WORK INSTRUCTION: The records are to be copied word for word, and the pictures dropped.

Records contained in a dataset:
+===+

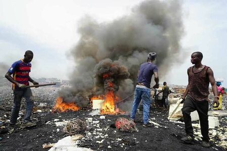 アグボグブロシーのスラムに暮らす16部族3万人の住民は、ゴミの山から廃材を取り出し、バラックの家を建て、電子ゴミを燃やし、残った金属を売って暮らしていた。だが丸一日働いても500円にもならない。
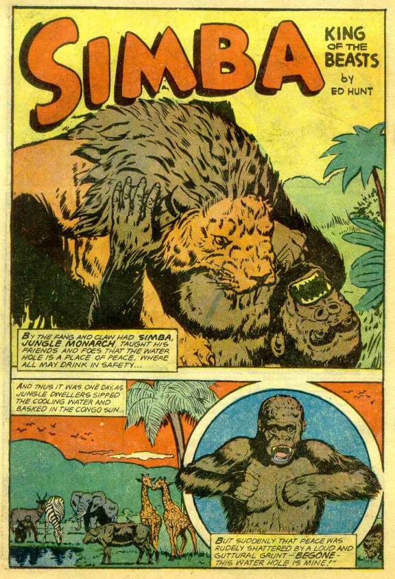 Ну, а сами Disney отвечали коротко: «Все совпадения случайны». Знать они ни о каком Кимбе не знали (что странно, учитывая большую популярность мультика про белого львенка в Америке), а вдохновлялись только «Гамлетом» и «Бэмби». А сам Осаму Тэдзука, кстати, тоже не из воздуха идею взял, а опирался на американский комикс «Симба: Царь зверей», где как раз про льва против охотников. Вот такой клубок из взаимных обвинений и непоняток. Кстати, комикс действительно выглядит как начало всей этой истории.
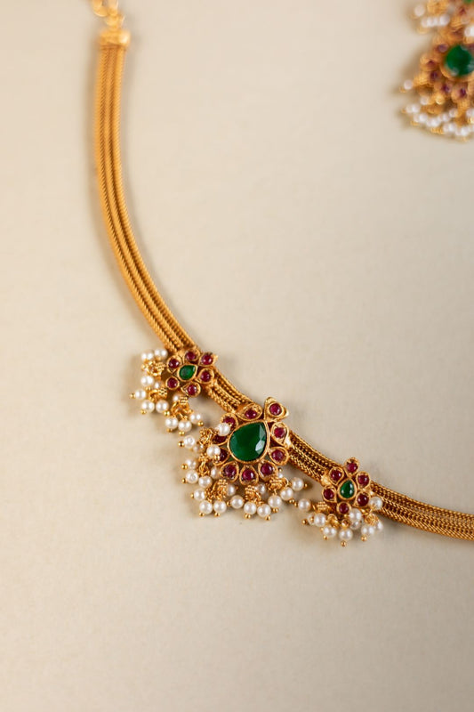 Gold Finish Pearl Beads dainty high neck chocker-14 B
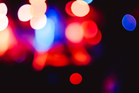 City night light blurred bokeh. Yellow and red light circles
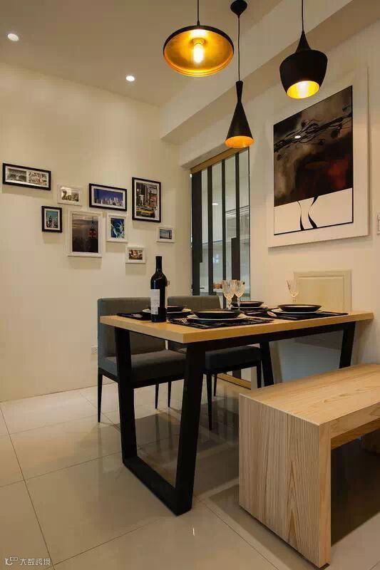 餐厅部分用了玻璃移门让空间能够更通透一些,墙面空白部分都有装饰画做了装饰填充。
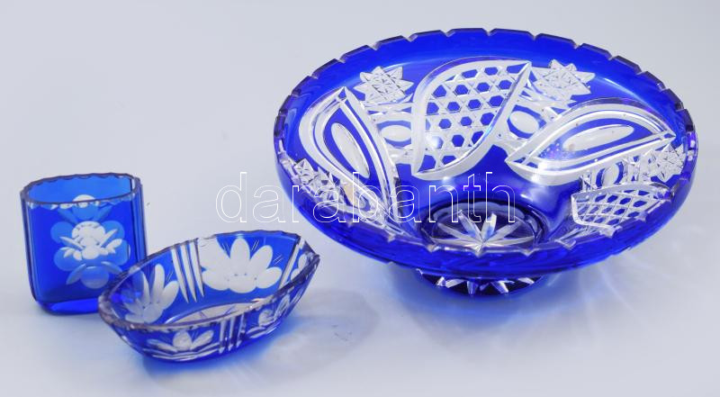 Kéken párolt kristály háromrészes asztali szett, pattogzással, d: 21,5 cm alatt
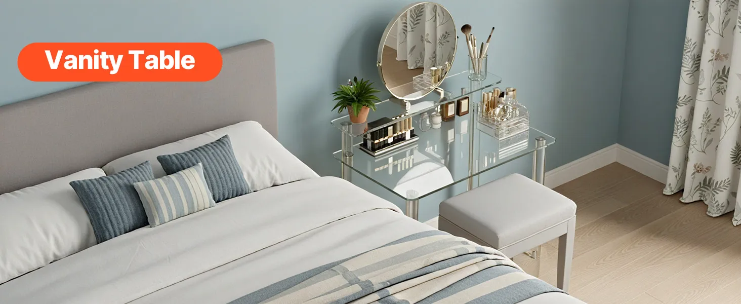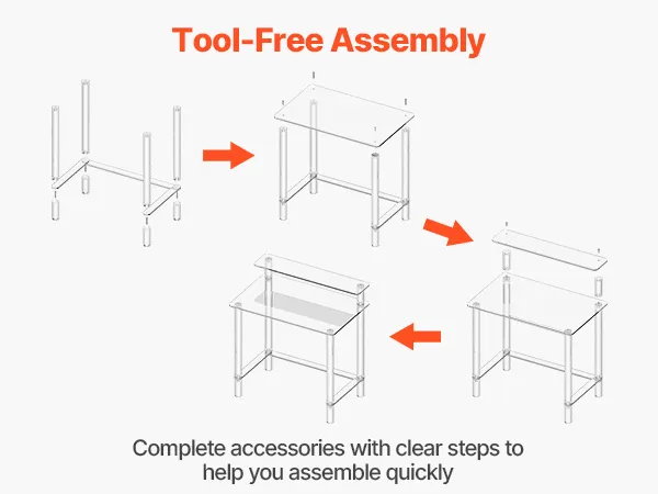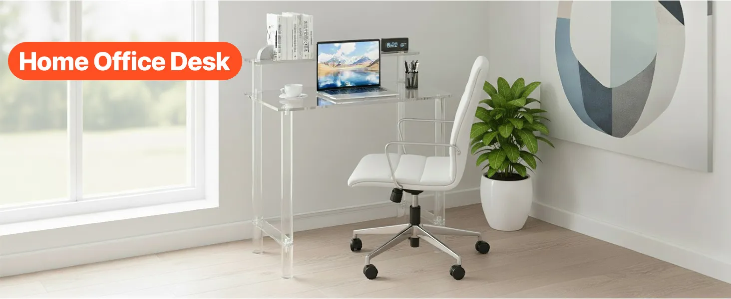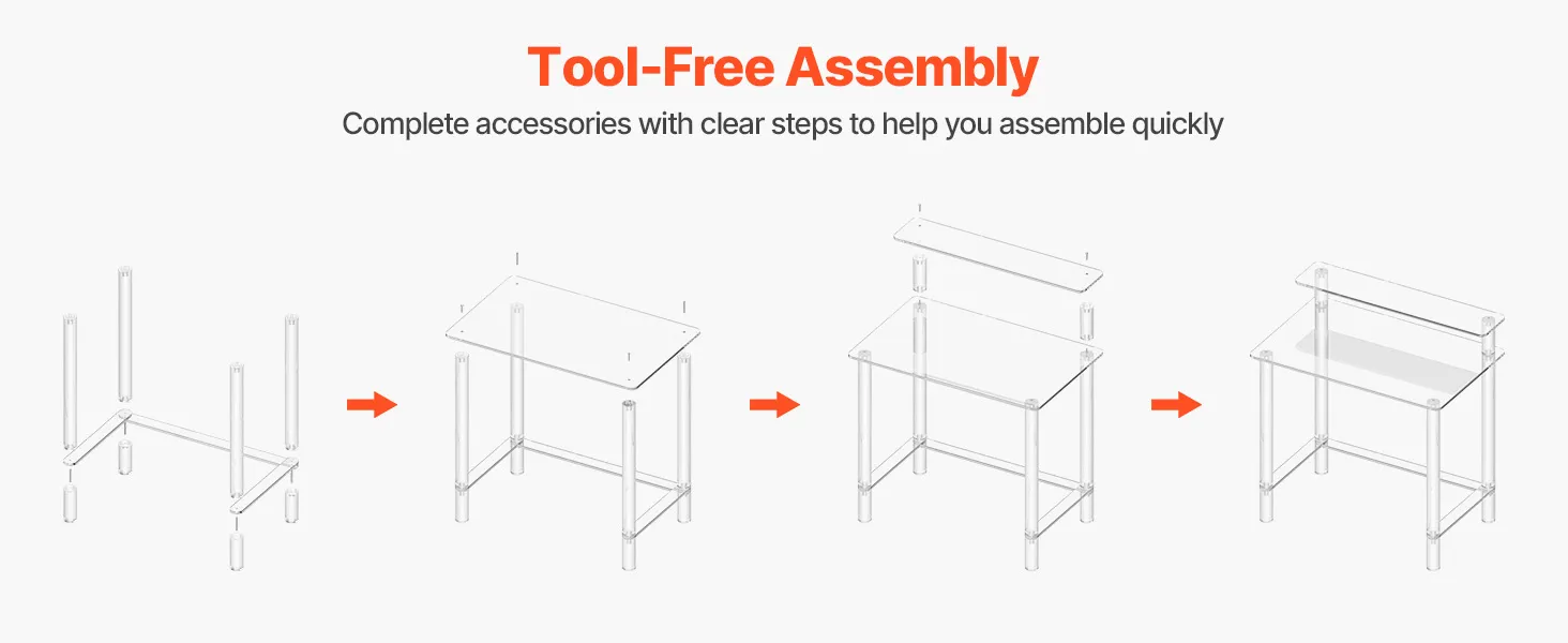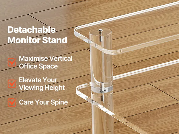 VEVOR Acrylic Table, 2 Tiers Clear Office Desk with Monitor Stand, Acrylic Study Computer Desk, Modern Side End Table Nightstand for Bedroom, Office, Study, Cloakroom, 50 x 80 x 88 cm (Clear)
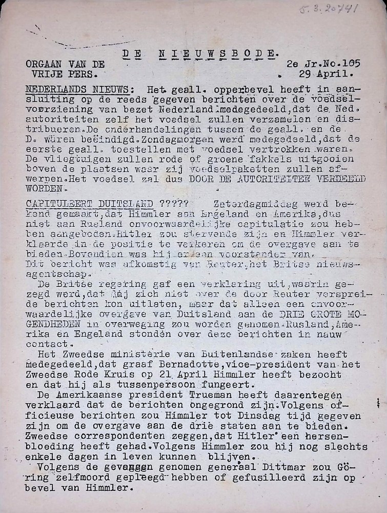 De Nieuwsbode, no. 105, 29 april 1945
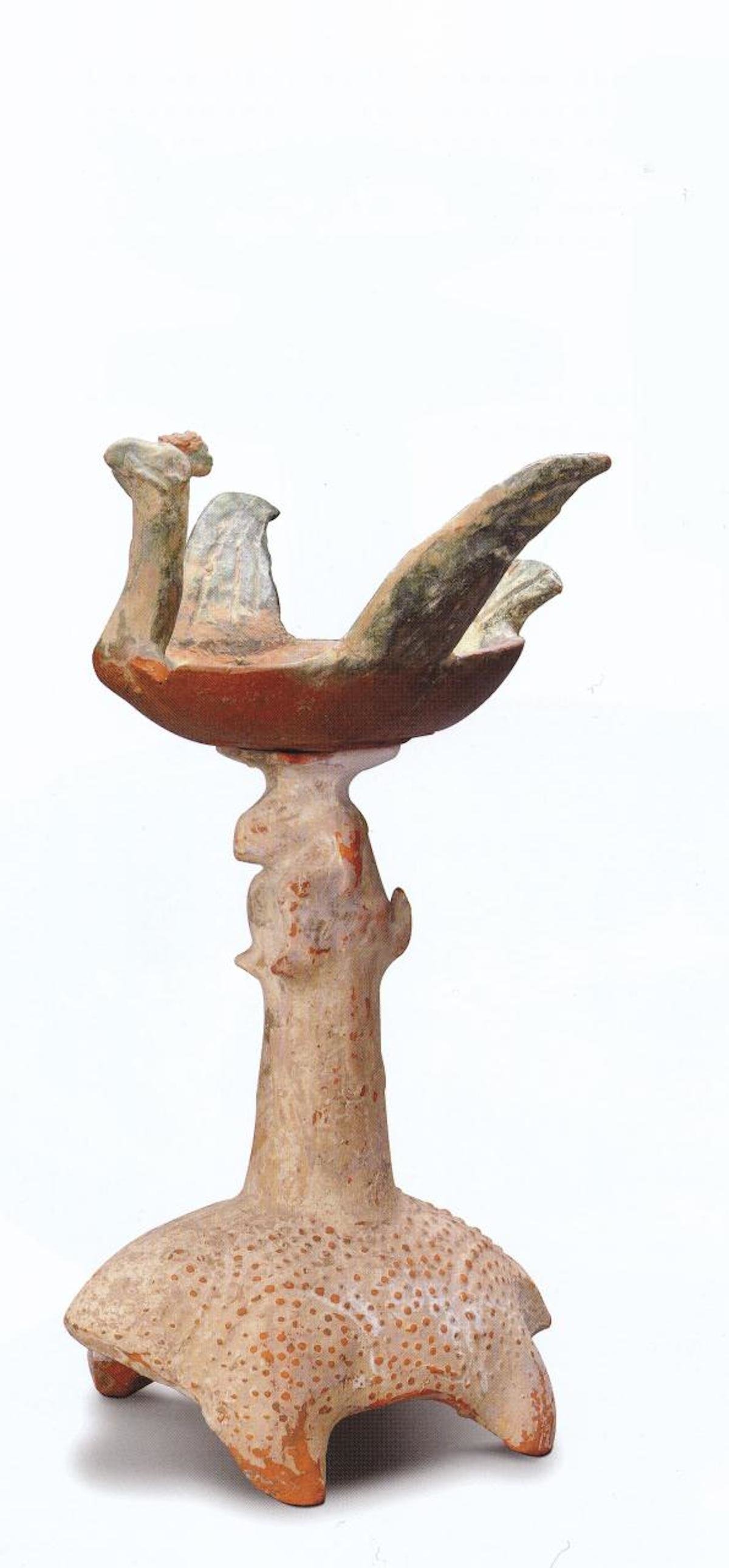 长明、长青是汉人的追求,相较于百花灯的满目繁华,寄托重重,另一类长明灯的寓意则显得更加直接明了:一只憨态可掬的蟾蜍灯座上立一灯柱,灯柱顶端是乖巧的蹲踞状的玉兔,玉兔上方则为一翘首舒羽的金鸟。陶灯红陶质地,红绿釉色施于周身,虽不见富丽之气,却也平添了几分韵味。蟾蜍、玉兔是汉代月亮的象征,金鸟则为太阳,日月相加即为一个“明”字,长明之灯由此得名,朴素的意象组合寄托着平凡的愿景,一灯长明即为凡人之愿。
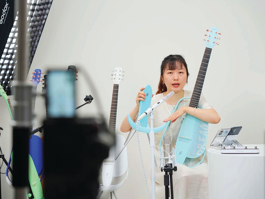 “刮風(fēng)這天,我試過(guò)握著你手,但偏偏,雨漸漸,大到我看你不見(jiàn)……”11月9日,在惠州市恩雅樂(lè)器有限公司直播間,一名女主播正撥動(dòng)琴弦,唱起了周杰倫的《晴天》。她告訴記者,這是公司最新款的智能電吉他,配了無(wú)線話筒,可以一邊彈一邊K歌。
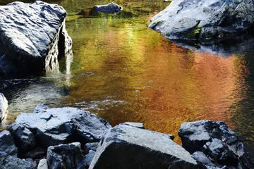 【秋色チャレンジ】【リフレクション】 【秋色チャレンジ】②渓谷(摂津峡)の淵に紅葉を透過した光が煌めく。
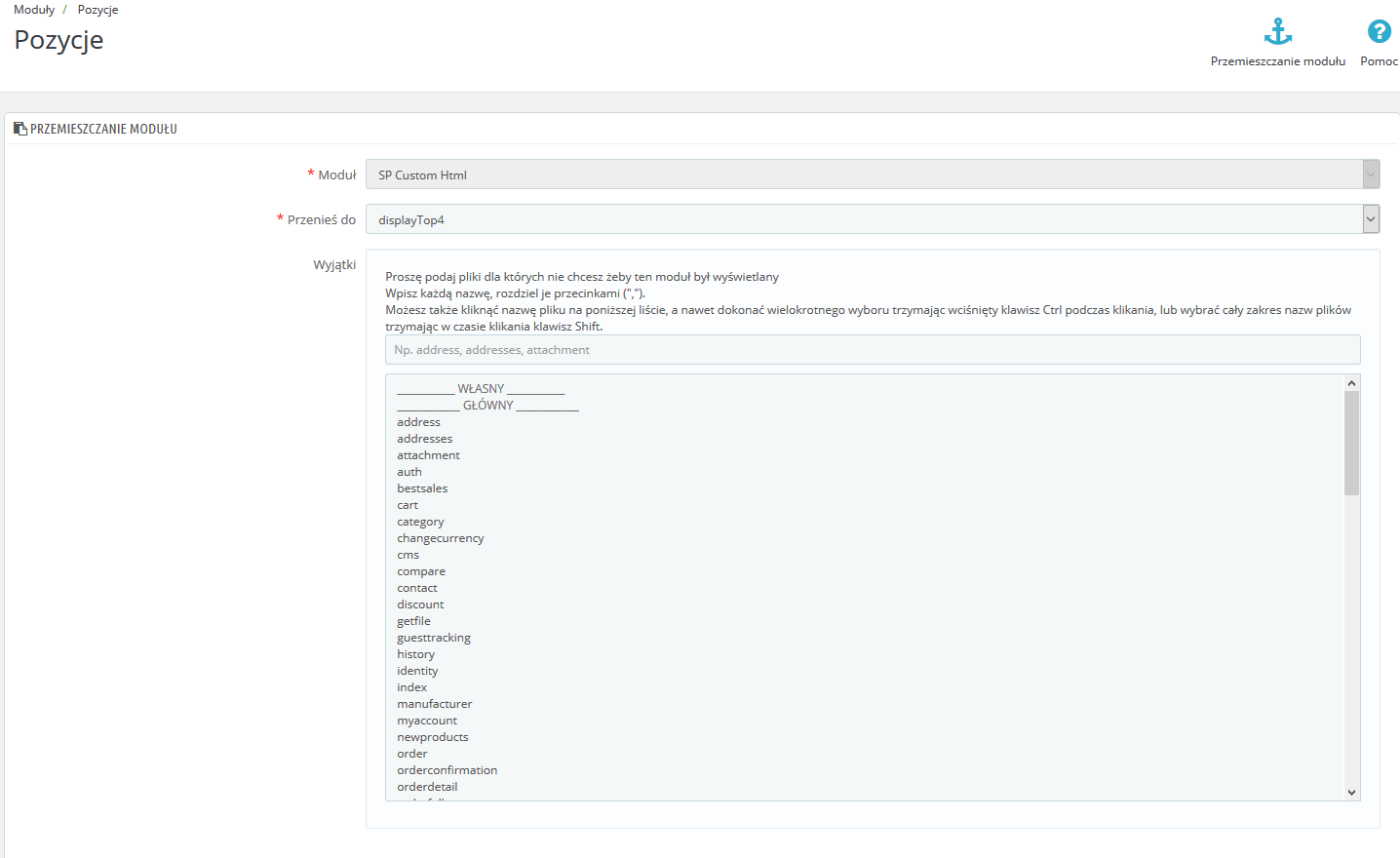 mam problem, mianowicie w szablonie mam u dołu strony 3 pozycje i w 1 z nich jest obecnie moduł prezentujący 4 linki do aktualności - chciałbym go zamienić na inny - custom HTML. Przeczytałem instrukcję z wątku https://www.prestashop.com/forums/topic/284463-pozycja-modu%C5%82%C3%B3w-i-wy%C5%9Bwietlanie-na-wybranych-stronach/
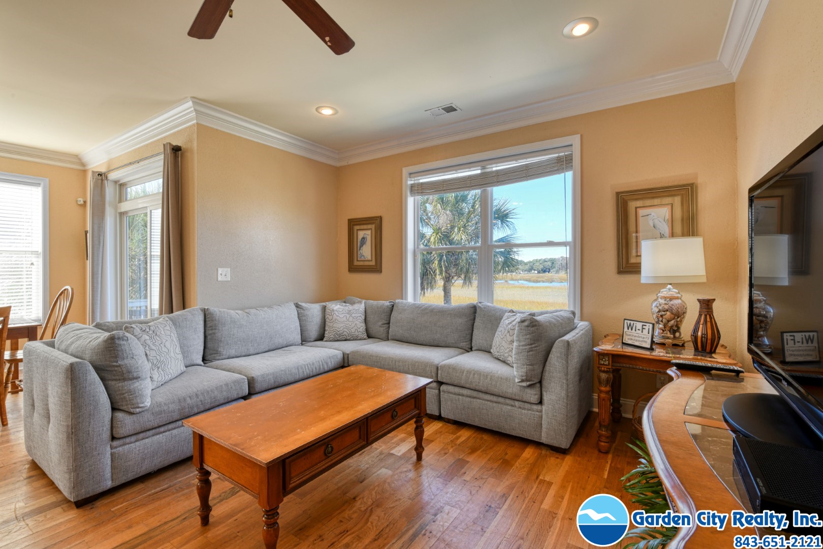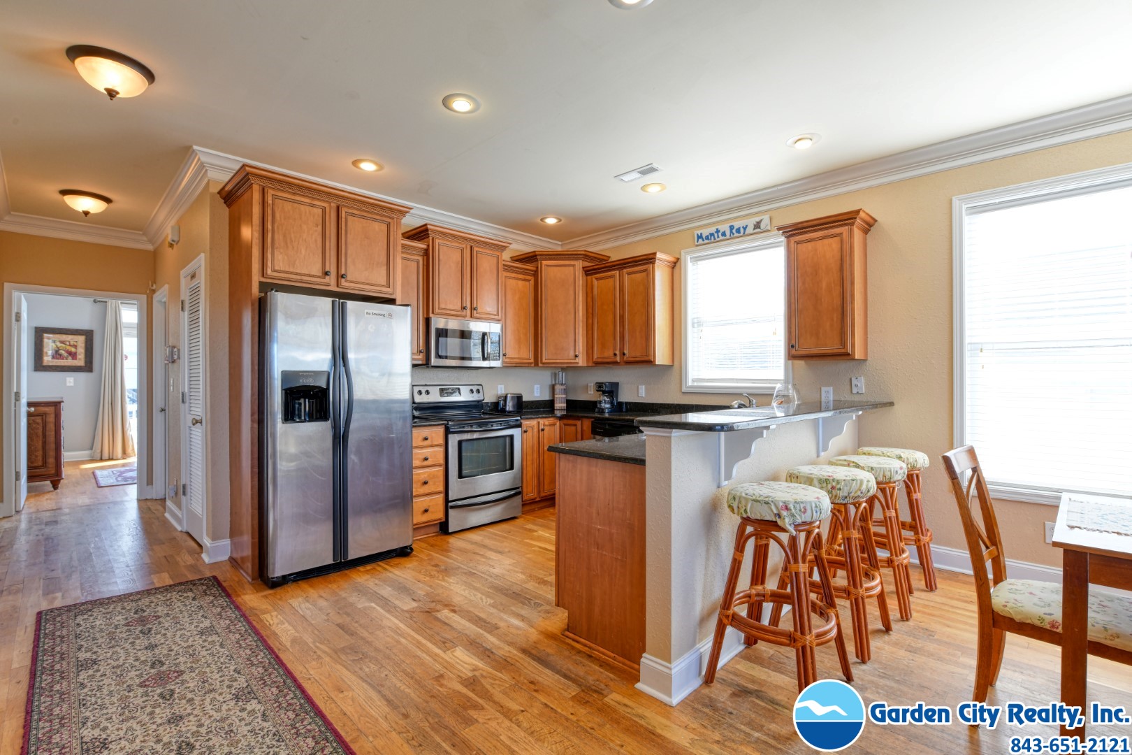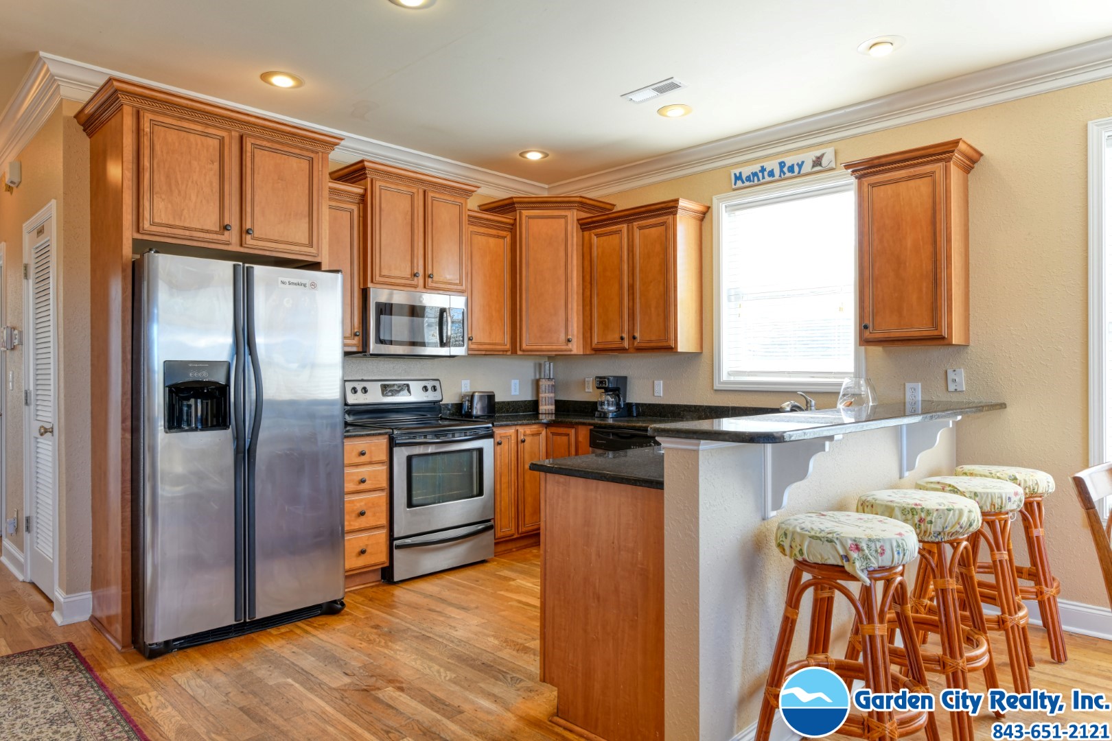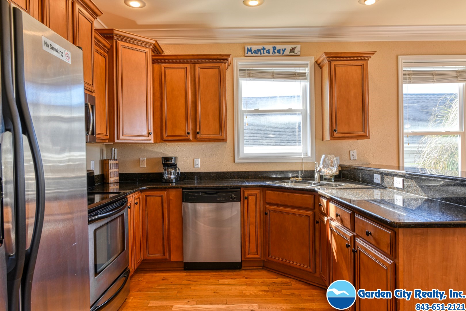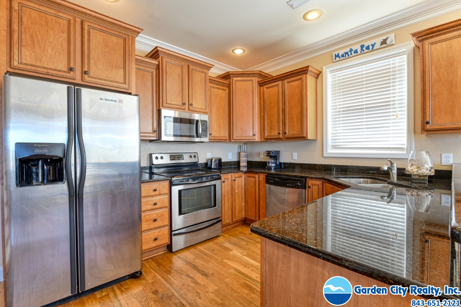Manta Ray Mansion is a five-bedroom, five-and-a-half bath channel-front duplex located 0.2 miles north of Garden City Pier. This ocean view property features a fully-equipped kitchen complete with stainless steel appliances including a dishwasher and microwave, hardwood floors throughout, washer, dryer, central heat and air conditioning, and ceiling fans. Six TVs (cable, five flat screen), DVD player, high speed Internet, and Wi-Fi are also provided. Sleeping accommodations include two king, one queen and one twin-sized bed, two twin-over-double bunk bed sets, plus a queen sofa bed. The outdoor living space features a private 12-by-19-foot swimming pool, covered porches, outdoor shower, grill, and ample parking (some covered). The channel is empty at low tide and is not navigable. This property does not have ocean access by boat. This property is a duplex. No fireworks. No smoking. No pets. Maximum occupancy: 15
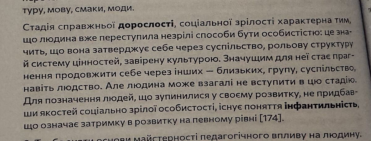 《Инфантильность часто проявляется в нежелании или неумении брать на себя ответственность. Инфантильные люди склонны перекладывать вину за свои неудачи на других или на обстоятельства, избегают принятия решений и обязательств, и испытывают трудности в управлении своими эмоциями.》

+===+

RESULT OF THE EXERCISE:
 アグボグブロシーのスラムに暮らす16部族3万人の住民は、ゴミの山から廃材を取り出し、バラックの家を建て、電子ゴミを燃やし、残った金属を売って暮らしていた。だが丸一日働いても500円にもならない。
 Ну, а сами Disney отвечали коротко: «Все совпадения случайны». Знать они ни о каком Кимбе не знали (что странно, учитывая большую популярность мультика про белого львенка в Америке), а вдохновлялись только «Гамлетом» и «Бэмби». А сам Осаму Тэдзука, кстати, тоже не из воздуха идею взял, а опирался на американский комикс «Симба: Царь зверей», где как раз про льва против охотников. Вот такой клубок из взаимных обвинений и непоняток. Кстати, комикс действительно выглядит как начало всей этой истории.
 Gold Finish Pearl Beads dainty high neck chocker-14 B
 City night light blurred bokeh. Yellow and red light circles
 餐厅部分用了玻璃移门让空间能够更通透一些,墙面空白部分都有装饰画做了装饰填充。
 Kéken párolt kristály háromrészes asztali szett, pattogzással, d: 21,5 cm alatt
 VEVOR Acrylic Table, 2 Tiers Clear Office Desk with Monitor Stand, Acrylic Study Computer Desk, Modern Side End Table Nightstand for Bedroom, Office, Study, Cloakroom, 50 x 80 x 88 cm (Clear)
 De Nieuwsbode, no. 105, 29 april 1945
 长明、长青是汉人的追求,相较于百花灯的满目繁华,寄托重重,另一类长明灯的寓意则显得更加直接明了:一只憨态可掬的蟾蜍灯座上立一灯柱,灯柱顶端是乖巧的蹲踞状的玉兔,玉兔上方则为一翘首舒羽的金鸟。陶灯红陶质地,红绿釉色施于周身,虽不见富丽之气,却也平添了几分韵味。蟾蜍、玉兔是汉代月亮的象征,金鸟则为太阳,日月相加即为一个“明”字,长明之灯由此得名,朴素的意象组合寄托着平凡的愿景,一灯长明即为凡人之愿。
 “刮風(fēng)這天,我試過(guò)握著你手,但偏偏,雨漸漸,大到我看你不見(jiàn)……”11月9日,在惠州市恩雅樂(lè)器有限公司直播間,一名女主播正撥動(dòng)琴弦,唱起了周杰倫的《晴天》。她告訴記者,這是公司最新款的智能電吉他,配了無(wú)線話筒,可以一邊彈一邊K歌。
 【秋色チャレンジ】【リフレクション】 【秋色チャレンジ】②渓谷(摂津峡)の淵に紅葉を透過した光が煌めく。
 mam problem, mianowicie w szablonie mam u dołu strony 3 pozycje i w 1 z nich jest obecnie moduł prezentujący 4 linki do aktualności - chciałbym go zamienić na inny - custom HTML. Przeczytałem instrukcję z wątku https://www.prestashop.com/forums/topic/284463-pozycja-modu%C5%82%C3%B3w-i-wy%C5%9Bwietlanie-na-wybranych-stronach/
Manta Ray Mansion is a five-bedroom, five-and-a-half bath channel-front duplex located 0.2 miles north of Garden City Pier. This ocean view property features a fully-equipped kitchen complete with stainless steel appliances including a dishwasher and microwave, hardwood floors throughout, washer, dryer, central heat and air conditioning, and ceiling fans. Six TVs (cable, five flat screen), DVD player, high speed Internet, and Wi-Fi are also provided. Sleeping accommodations include two king, one queen and one twin-sized bed, two twin-over-double bunk bed sets, plus a queen sofa bed. The outdoor living space features a private 12-by-19-foot swimming pool, covered porches, outdoor shower, grill, and ample parking (some covered). The channel is empty at low tide and is not navigable. This property does not have ocean access by boat. This property is a duplex. No fireworks. No smoking. No pets. Maximum occupancy: 15
 《Инфантильность часто проявляется в нежелании или неумении брать на себя ответственность. Инфантильные люди склонны перекладывать вину за свои неудачи на других или на обстоятельства, избегают принятия решений и обязательств, и испытывают трудности в управлении своими эмоциями.》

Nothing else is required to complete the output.